The city is looking to improve its entryway into downtown from Interstate 81’s Exit 11 and has received 11 applications from interested firms that want to do the project.
The idea is to refurbish the area near Pomeroy Street and Clinton Avenue to let travelers know that downtown Cortland is less than a mile away, said Mack Cook, the city’s director of administration and finance.
“This project is much more than a few new signs,” Cook said. “It’s, ‘How do we increase traffic into the downtown core, and how do we increase traffic into the Riverside Plaza? How do we capture the number of non-Cortland residents who get off at that exit and them to see the city?’ “
Cook said city officials will be interviewing a few of the design firms for the project in the next few months. The city could have the final design for the gateway by the fall, said Rich Cunningham, program manager for Thoma Development Consultants, which is working with the city on the project.

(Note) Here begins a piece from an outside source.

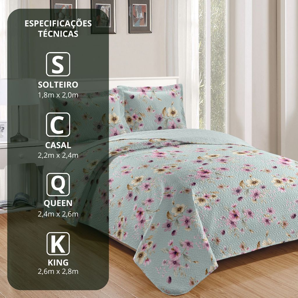 Colcha Cobre Leito Dupla Face Solteiro Casal Queen King Matelassê Com Porta Travesseiro Bouti Shabby Rozac
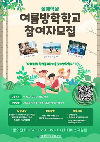 여름방학학교 운영 기간 및 시간은 7월 31일부터 8월 11일까지 오전 10시부터 오후 3시까지이다. 기타 자세한 사항은 동구장애인복지관 누리집(www.dongguwc.or.kr) 또는 사회서비스지원팀으로 전화(062-229-9701) 문의.

Cook said the firms’ applications do not include formal design proposals and mostly focus on their qualifications for the job. The selected-firm will look to input from the city and community during public meetings before creating a design for the gateway.
Cook said traffic figures show the need for a better gateway. More than 17,000 vehicles travel on Clinton Avenue near the Riverside Plaza, according to the state Department of Transportation. But just under 6,500 vehicles travel on Main Street between the Groton Avenue and Port Watson Street intersections.
The city received qualifications packets from 11 firms: Synthesis Architects; C&S Companies; Barton & Loguidice, P.C.; Haas Landscape Architects; Holmes, King and Kallquist; QPK Design; Behan Planning and Design; Central New York Regional Planning & Development Board; Peter J. Smith & Co.; Urban Research & Development Corp.; and Howard/Stein-Hudson Associates.
The city has budgeted between $15,000 and $30,000 for the design proposal. The amount for the actual project will be determined, Cunningham and Cook said.
Cunningham said the city would likely do the gateway project in phases as it receives grants.
The city will pursue grant funding that would cover some of the project costs, Cook said.
Connecting I-81 to downtown Cortland is part of the city’s Comprehensive Plan, which Mayor Brian Tobin said will be adopted in the next few months.
There will be a public hearing on the comprehensive plan at 5:15 p.m. April 23 in City Hall.
The plan provides guidance on the use of land, resources, economic development and residential life citywide.